Tesla has announced an agreement to acquire a German battery assembly company named German ATW Automation. German ATW Automation makes battery modules and packs for automobile manufacturers like Tesla.
ATW was previously a subsidiary of Canadian ATS Automation Tooling Systems Inc, which has suffered a financial hit due to a slump in orders. ATS had previously announced that the German subsidiary had been sold to an unnamed third party. ATW and ATS have reportedly not replied to requests for comment on the sale to Tesla.
ATW’s 120 employees have completed more than 20 battery production lines for international automakers, according to information on ATS’ website. The acquisition may be part of Tesla’s efforts to ramp up its battery production capacity and reduce the cost of manufacturing battery packs for its electric vehicles over the next three years. The new battery assembly plant could be used to support Tesla’s planned vehicle manufacturing facility in Berlin.
Statements from Tesla indicate that it has delivered 139,300 vehicles in the third quarter of 2020 and is on track to deliver over half a million vehicles by the end of the year.
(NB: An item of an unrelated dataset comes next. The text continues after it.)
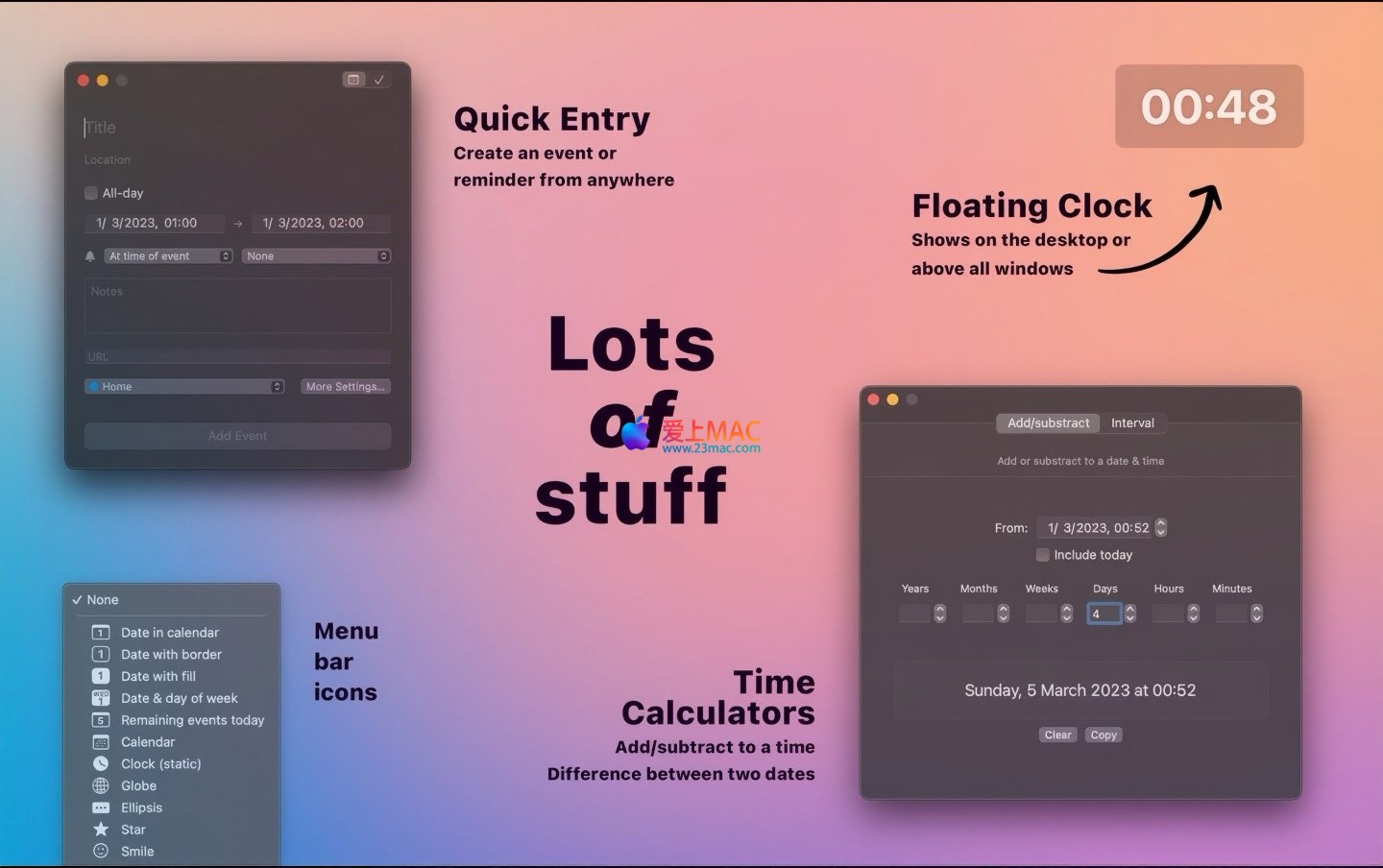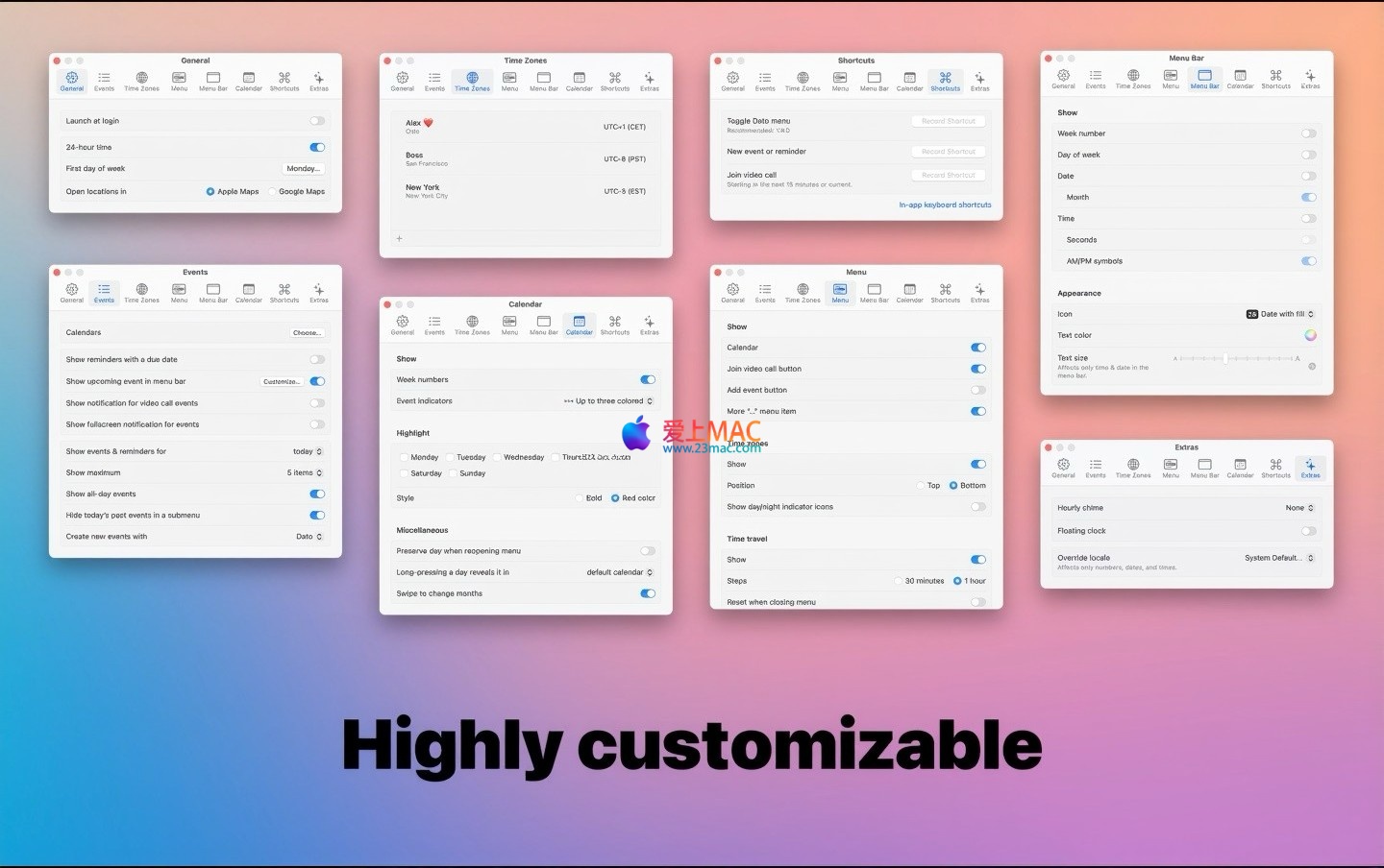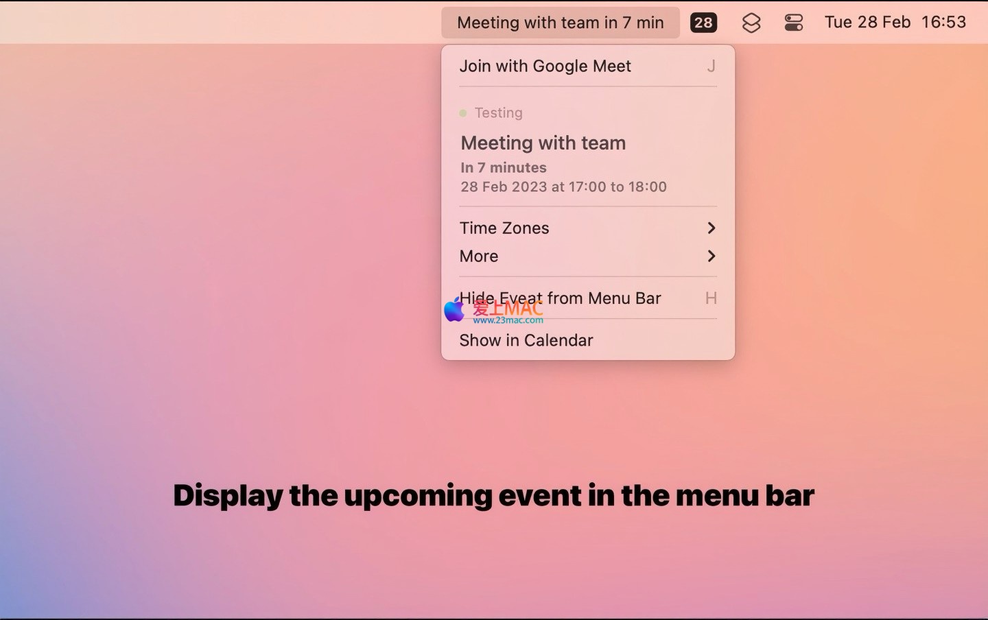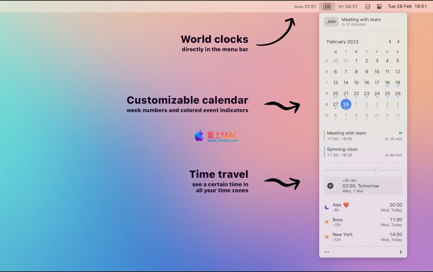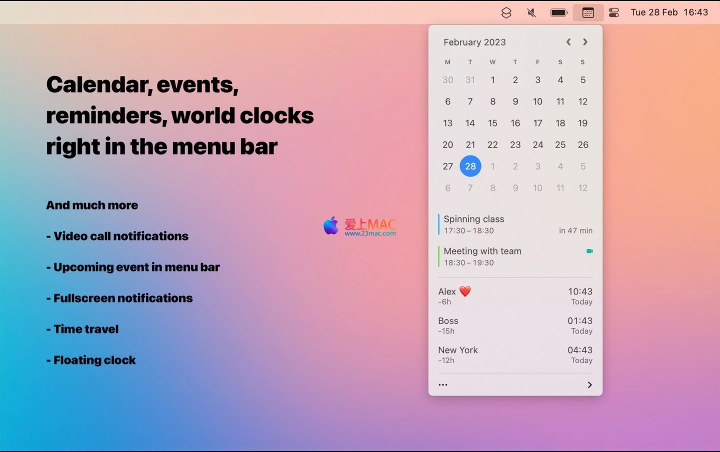 Dato for Mac 是一款集成于 macOS 菜单栏的实用工具,为您提供本地时间、日期、多时区世界时钟以及近期日历事件的概览。点击菜单栏中的 Dato 图标,即可展开一个高度可定制的菜单,其中包含日历视图、事件列表和世界时钟。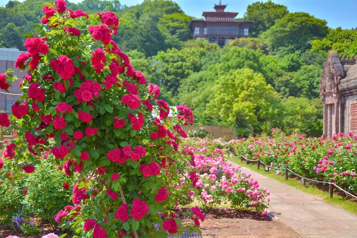 そのほか、不思議の国のアリスをテーマにしたナチュラルガーデン「アリスイングリッシュローズガーデン」、約200品種の新苗や開花苗が購入できる「大バラ即売会」、約1,000㎡の敷地に、世界各国のバラが咲き誇る「レオマローズガーデン」などさまざまなイベントやスポットが盛りだくさんです。

Its planned future model releases include the Cybertruck, a Semi truck, and a $25,000 model that has been rumored to be capable of traveling 300 miles on a single charge. CEO Elon Musk previously canceled a model with a 250-mile range, saying that the range was likely to be “too low” to be attractive to buyers.
Cheaper, more capable batteries are likely to make all three models attractive to discerning consumers. Walmart Canada recently tripled its Semi truck order in the wake of Tesla’s announcement of an improved battery manufacturing process, which would be attractive to Walmart Canada’s efforts to reduce carbon emissions.
Tesla also announced a new “tabless” lithium-ion battery at its Battery Day event. Manufacturing the new batteries will require less water and fewer moving parts than the production of its existing batteries. Musk has indicated that innovations in battery technology for automobiles, plus investments in improved infrastructure for electric vehicles, could help his electric vehicles compete with gas-powered cars and eventually make them obsolete.
Some tech insiders did express doubts that electric vehicles would ever be suitable for long-range trips like the multi-day hauls of long-distance semi trucks, however. Bill Gates had this to say:
“The problem is that batteries are big and heavy. The more weight you’re trying to move, the more batteries you need to power the vehicle. But the more batteries you use, the more weight you add and the more power you need.”
However, this seems to leave out the fact that Tesla’s electric semi trucks can already get a range of up to 300 miles on a single charge while hauling loads that are several times heavier than the battery. That’s suitable for many of the single-day round trips conducted by retailers like Walmart.
The acquisition of German ATW Automation could simply be one of several moves that Tesla has made recently that could reduce its reliance on third parties in its supply chain and better enable the production of its improving technologies. It has also shown an interest in making its supply chain more environmentally friendly by making deals with “zero-waste” mining companies like the Canada-based Giga Metals.